Company voluntary arrangement (CVA)

A CVA is a legally binding agreement between your company and its creditors to pay an agreed amount off the debts over a short period of time. Payments can either be paid as a lump sum or in instalments (usually over three years).

A CVA has to be set up by an insolvency practitioner (IP). They are referred to as the ‘nominee’. An IP is usually an accountant or solicitor who is authorised to set up formal insolvency procedures. There will be high fees involved in setting up a CVA. Shop around to find a reputable IP to act as your nominee. Check the terms and conditions of their services, including their fees, before agreeing to anything.

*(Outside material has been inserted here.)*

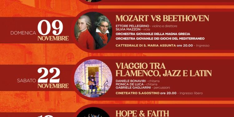 Cinque appuntamenti, tutti a ingresso libero, animeranno la città tra ottobre e dicembre, portando sul palco artisti di rilievo nazionale e internazionale e progetti capaci di coniugare linguaggi diversi: dalla musica classica al jazz, dal gospel alle contaminazioni contemporanee.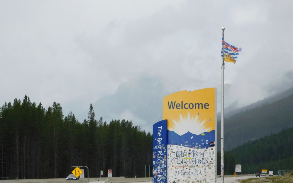 Here is a photo of the exit from the rest stop, with the sign welcoming me to British Columbia.

To find a directory of insolvency practitioners, see www.gov.uk.

  • With the help of the nominee, the directors put together a proposal to the company’s creditors.
  • The nominee sends the CVA proposal to the company’s creditors, who are asked to vote on whether they agree to the proposal, or not. The creditors are given at least 14 days to consider the proposal.
  • Each creditor is given a vote based on how much money they are owed. The company’s largest creditors have the largest part of the vote. For example, a creditor who is owed 10% of the company’s total debt holds 10% of the vote. In order for the CVA proposal to be accepted, at least 75% of the votes must agree to its terms. Therefore, if your company has a creditor that holds 75% or more of the company’s debt, they have the deciding vote.
  • If the CVA is agreed, the nominee sends a further report to the Registrar of Companies at Companies House.
  • When a CVA is agreed, the terms and conditions of the CVA are binding on ‘unsecured creditors’ even if they voted against the CVA.
  • However, a CVA is not binding on certain other types of creditor. For more information, see the section Creditors not bound by the terms of a CVA.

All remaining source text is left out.